**Work instruction:**
Send back the data below exactly. Drop every picture.
++++ Data extract
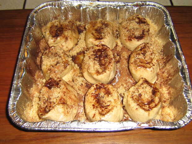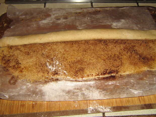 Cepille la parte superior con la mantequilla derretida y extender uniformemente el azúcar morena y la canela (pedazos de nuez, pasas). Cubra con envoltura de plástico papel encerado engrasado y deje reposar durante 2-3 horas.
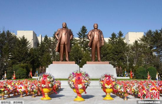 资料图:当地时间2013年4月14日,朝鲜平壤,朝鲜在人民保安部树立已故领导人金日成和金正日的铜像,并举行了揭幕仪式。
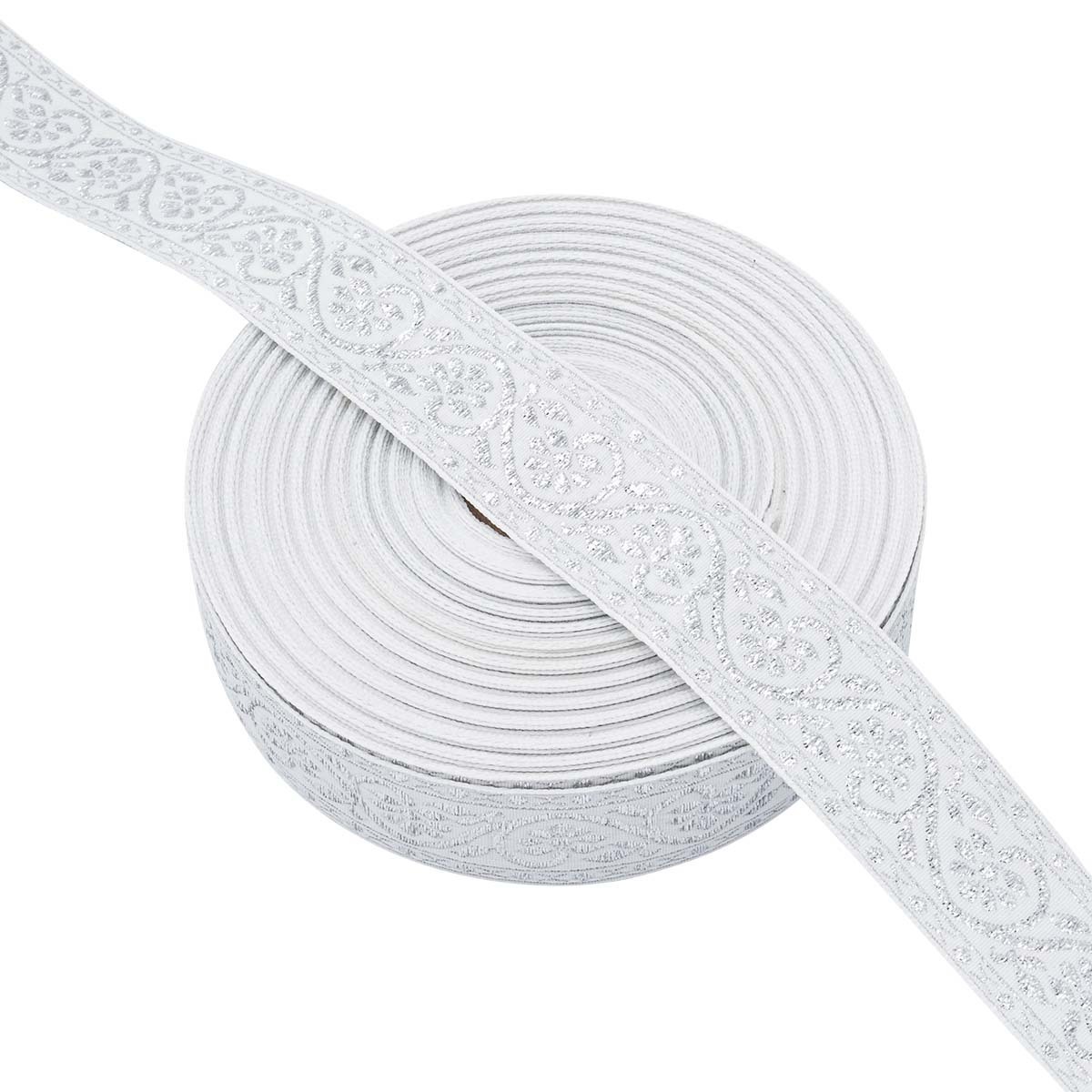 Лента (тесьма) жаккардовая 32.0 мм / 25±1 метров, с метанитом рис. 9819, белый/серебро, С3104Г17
++++++++
**Result of the exercise:**
 Cepille la parte superior con la mantequilla derretida y extender uniformemente el azúcar morena y la canela (pedazos de nuez, pasas). Cubra con envoltura de plástico papel encerado engrasado y deje reposar durante 2-3 horas.
 资料图:当地时间2013年4月14日,朝鲜平壤,朝鲜在人民保安部树立已故领导人金日成和金正日的铜像,并举行了揭幕仪式。
 Лента (тесьма) жаккардовая 32.0 мм / 25±1 метров, с метанитом рис. 9819, белый/серебро, С3104Г17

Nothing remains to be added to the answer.